虽然星生生创造出来的再生生物手段粗暴而且目的是为了商业化,但是通过目前我所看到的,让他们进行再生也并非一件彻头彻尾的坏事儿。
他们所创造出来的水狮蟒很完美,水猴子甚至跟我曾经见过的没什么两样。
再生技术让我们的研究进程迅速推进,既然现在已经改变不了,那么看着自己追寻多年的研究成果展现在眼前也不错,至少也不辜负自己十多年的坚持。
我抱着对野人的好奇和探寻,跟在导游身后,导游带着我们迈进了原始森林的一角,这片原始森林曾经是明令禁止进入的地方,直到人类搬迁出地球的时候,这里仍然被国家下着保护令,只允许科研人员进入,不允许被开发。近年来对于景区的开发深入,这一小片原始森林也开始有了人类涉足的痕迹,于是被星生生申请下来进行开发,作为交换,他们会负责维护剩下的原始森林不受侵害和禁止被更进一步的开发。
我见过标本,还和野人短暂地接触和交过手。
研究所曾经以最原始的克隆手段克隆过两只野人,有一只长到三岁,还没有开始完善地社会化便跑掉了,另一只一直在研究所长到了十岁,有一天失踪,连带最初的标本也离奇失踪。
一开始它们身上都带着明显的野性和兽性,但是在进行过人类的引导和社会化训练之后,它们的学习能力飞快。它们失踪后,我们再也没有克隆成功过,星生生的再生生物,又将如何把它们带到眼前呢?
我很期待。
导游查看着全影像定位,上面展现出线条堆积出来的生物,有些像猿人,但是导游连照片都不舍得拿出来让学生们看,吊着学生们的好奇心,保持野人的神秘感。
但是一直寻找了整整两个小时,我们始终都没有看到野人的踪迹,上面的定位好像在跟人群闹着玩似的,当人们靠近其中一个的时候,那个野人就会加快速度,于此同时附近出现另一个野人,人们自然就会向更近的靠近。
也不知道星生生到底投放了几个野人,感觉我们一直在被这几个野人遛着绕圈子,它们的举动很明显是在耍人玩儿。
我皱眉:“以前没有出现过这种情况吗?你们不是经过了上万次的实验和磨合吗?”
导游有些汗颜,毕竟在我面前高傲的是他们,现在出岔子的也是他们。
“以前也出现过这种情况,但那是在很久很久以前,我们后来的实验样本就再也没有过,不应该啊……”
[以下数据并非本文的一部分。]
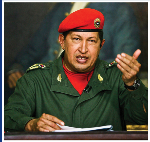
Hugo Chávez speaking 18 April 2010.

under the regime of Chávez, who are now deeply embedded in all aspects of the government security apparatus. As a result, the Cuban government now controls virtually every aspect of Venezuelan internal security including overseeing operations to eliminate the emergence of organized political opposition to the government. The conjunction of these factors, especially the dominant influence of Cuba on the government, is not well understood or appreciated by other nations concerned about antidemocratic developments in Venezuela. The Venezuelan kleptocracy is so well established that a successful military coup in Venezuela is extremely unlikely, whoever the titular head of the government is, and irrespective of the amount of suffering by the general populace of Venezuela. For articles providing insight into each facet of the domestic plight of Venezuela as described above, see Military Review Hot Spots at http://www.armyupress.army.mil/Special-Topics/World-Hot-Spots/Venezuela/ .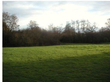
5. The site of Horsham's only listed Ancient Monument, probably abandoned about 1150. What was it and where is it?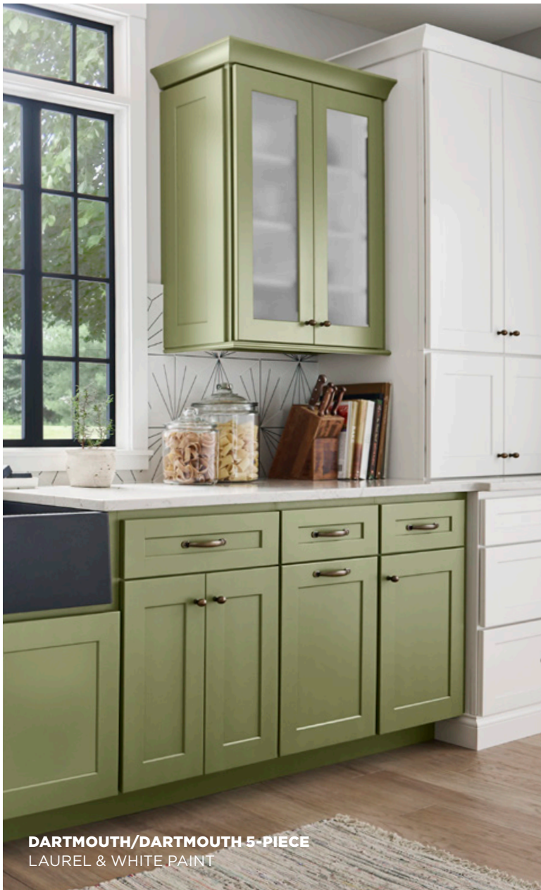
DARTMOUTH/DARTMOUTH 5-PIECE LAUREL & WHITE PAINT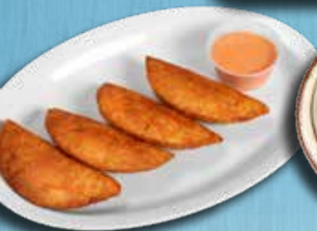
Empanadas Shrimp empanadas (4) 12 99 (8) 22 50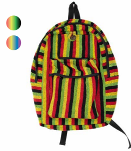
NP808 - Gheri Wayfarer Backpack £12.50

This is just a small selection of the many pieces of jewellery we have from around the world, all of which can be viewed on our website.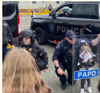
JFK International Airport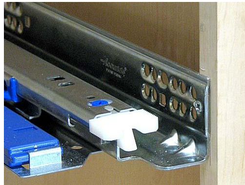
2. Fixing position »overlay«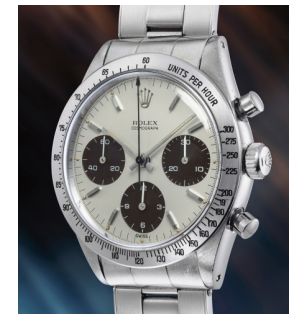
178 Rolex An early and well-preserved stai... Estimate 100,000 — 200,000 CHF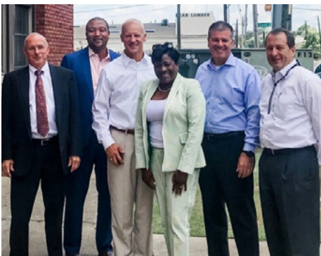
2019 BOARD AT DREAMLAND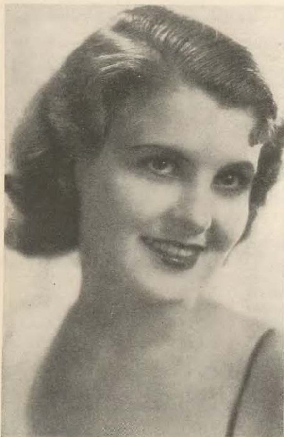
Dorothy Knapp, noted stage star, and former NBC artist, appears to be drawing interest at high rate in the beauty mart.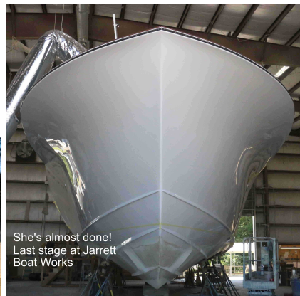
She's almost done! Last stage at Jarrett Boat Works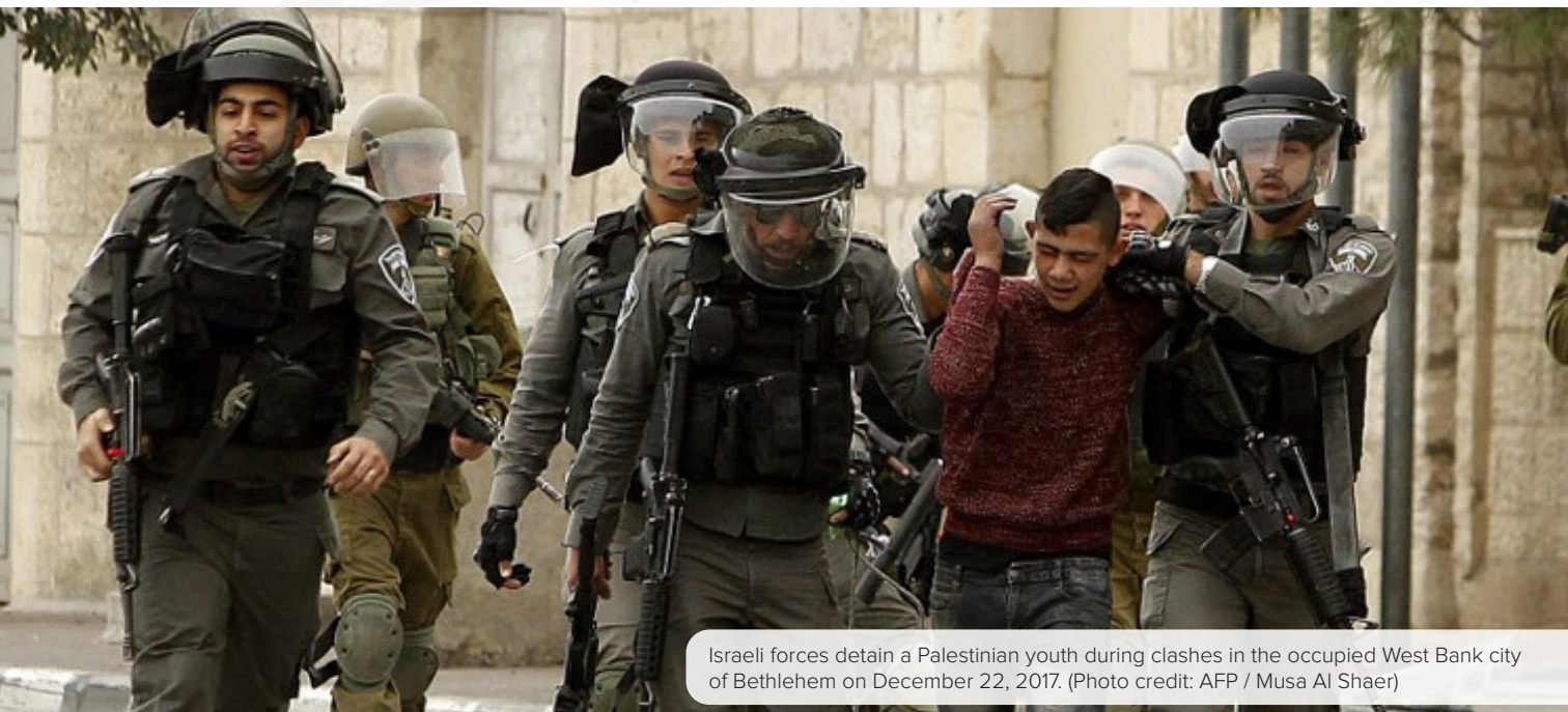
Israeli forces detain a Palestinian youth during clashes in the occupied West Bank city of Bethlehem on December 22, 2017.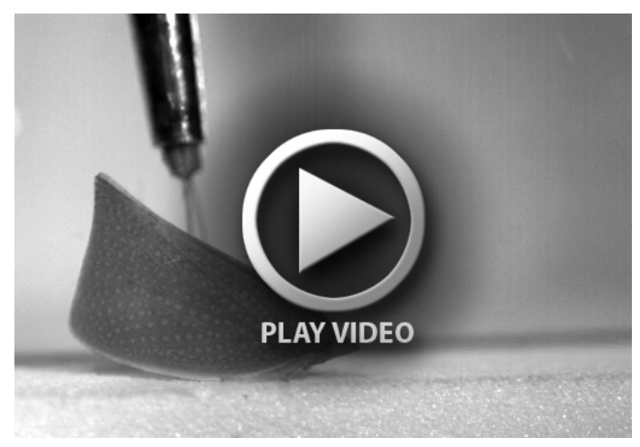
Movie 1. A jump by Siphanta acuta captured at 5000 frames s<sup>-1</sup> and replayed at 10 frames s<sup>-1</sup>. The insect is viewed from the side as it jumped from the floor of the experimental chamber. See also Fig. 6.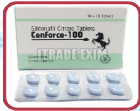
Cenforce 100mg Tablets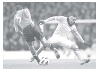
Manchester City's Argentinian striker Carlos Tevez (R) vies with Manchester United's English defender Rio Ferdinand during a match at the City of Manchester stadium on 10 Nov.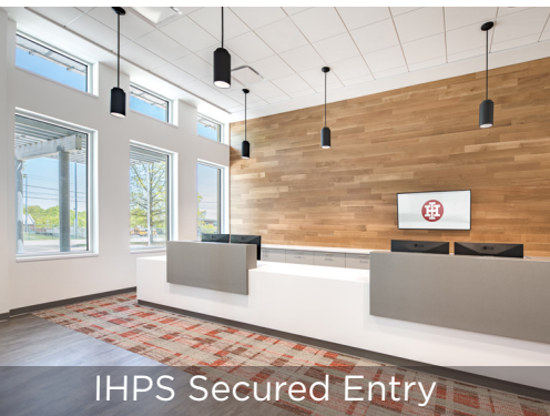
IHPs Secured Entry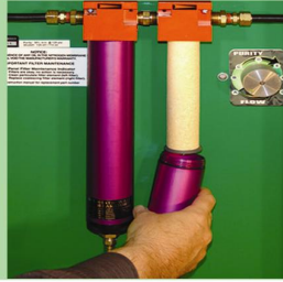
17. Remove the canister from the coalescing filter.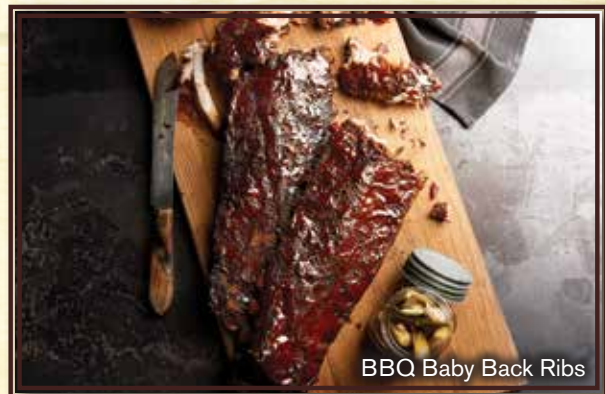
BBQ Baby Back Ribs

All served with a side (add 120-660 cal) and your choice of Soup, Garden greens or Caesar salad (add 100-380 cal). Upgrade to a Wedge or Spinach & Kale Salad for 2.79 (add 450/340 cal).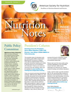
Volume 50, Number 3

Constituent Society of FASEB 9650 Rockville Pike Bethesda, Maryland 20814-3990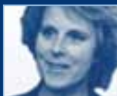
Connie Hedegaard Commissioner for Climate Action EU Commission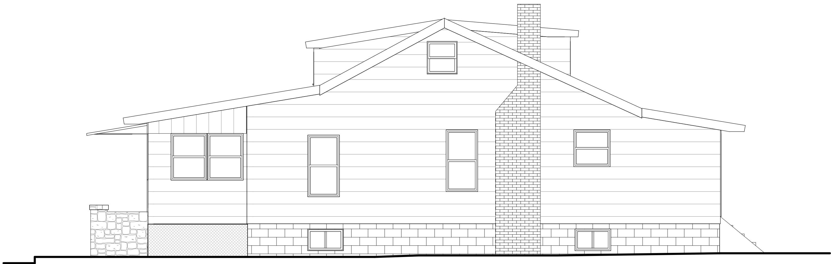
2 EXISTING RIGHT ELEVATION A4.0 1/4" = 1'-0"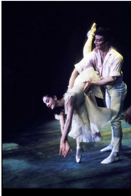
Figure 1: Walter Stringer, The Female and The Leader , 1964. Transparency. Courtesy of the National Library of Australia, PIC/6558/1530.

1965: 127). The women spent their time grouped as an audience for the men's display of sporting prowess.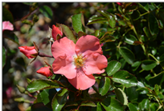
Flower Carpet Pink Supreme Rose flowers

This shrub will require occasional maintenance and upkeep, and is best pruned in late winter once the threat of extreme cold has passed. It is a good choice for attracting bees to your yard. It has no significant negative characteristics.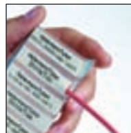
Step 3 Insert wire into marker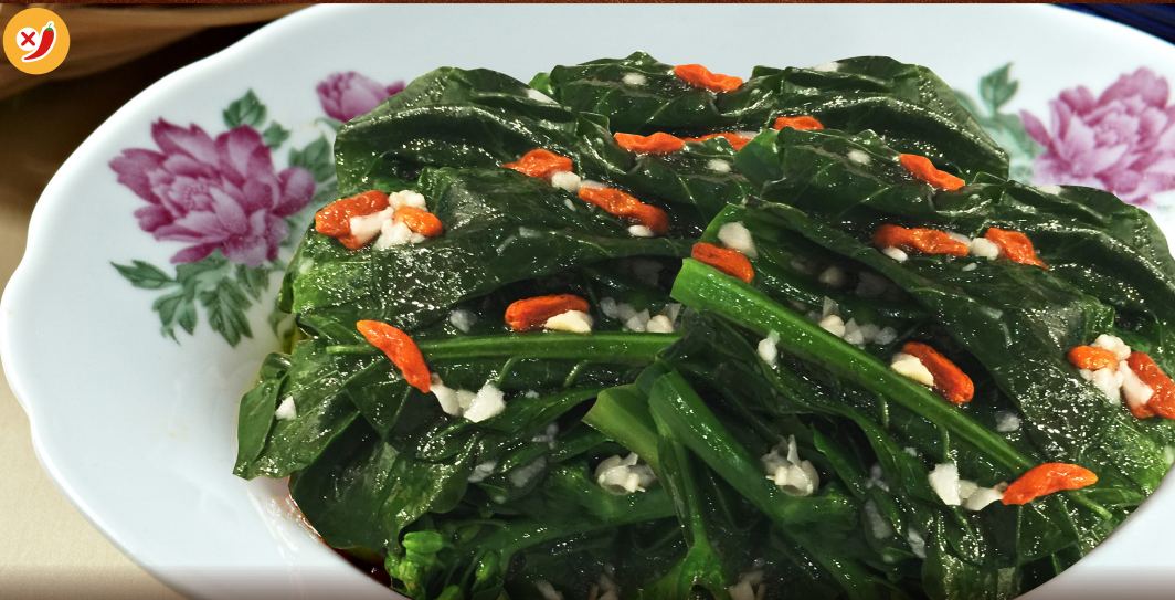
Poached Vegetables with Oyster Sauce / Garlic 蚝油/蒜蓉炒时蔬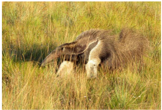
Always nice to see the little endemic Grey-backed Tachuri; this close view of Giant Anteater was an unforgettable moment (Eduardo Patrial)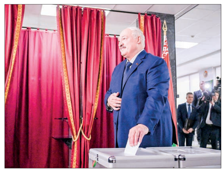
Belarusian President and presidential candidate Alexander Lukashenko casts his ballot during Belarus' presidential election at a polling station in the capital Minsk on 26 January 2025.

elected by direct ballot and the term of office is five years. The Belarus election commis-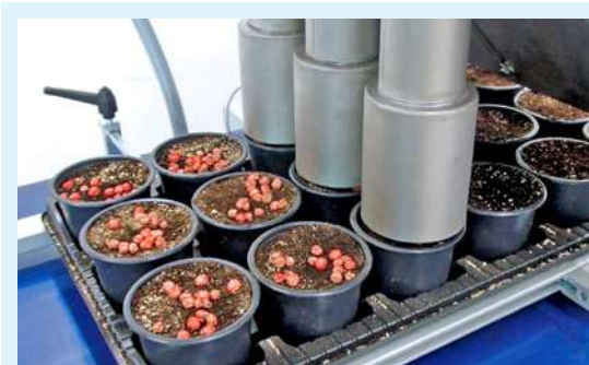
Corn volumetric sowing.

原始森林的天气无常,刚才没一会儿还是艳阳高照,学生们走了一个小时左右就已经累的不行,全都上了悬浮顶,现在虽然不用自己走路,但是一个个也都蔫头巴脑的没什么精神。
此时的森林开始起雾,头顶上笼罩着一片片阴云,看样子像是要下雨了。
光线也变差,几近天将黑的蓝色。
我心中的不安越来明显,在所有人都安静的情况下,周围的环境的静谧也更明显了,连虫子和鸟儿的低鸣都没有了,整个人群陷入了一种诡异的沉默。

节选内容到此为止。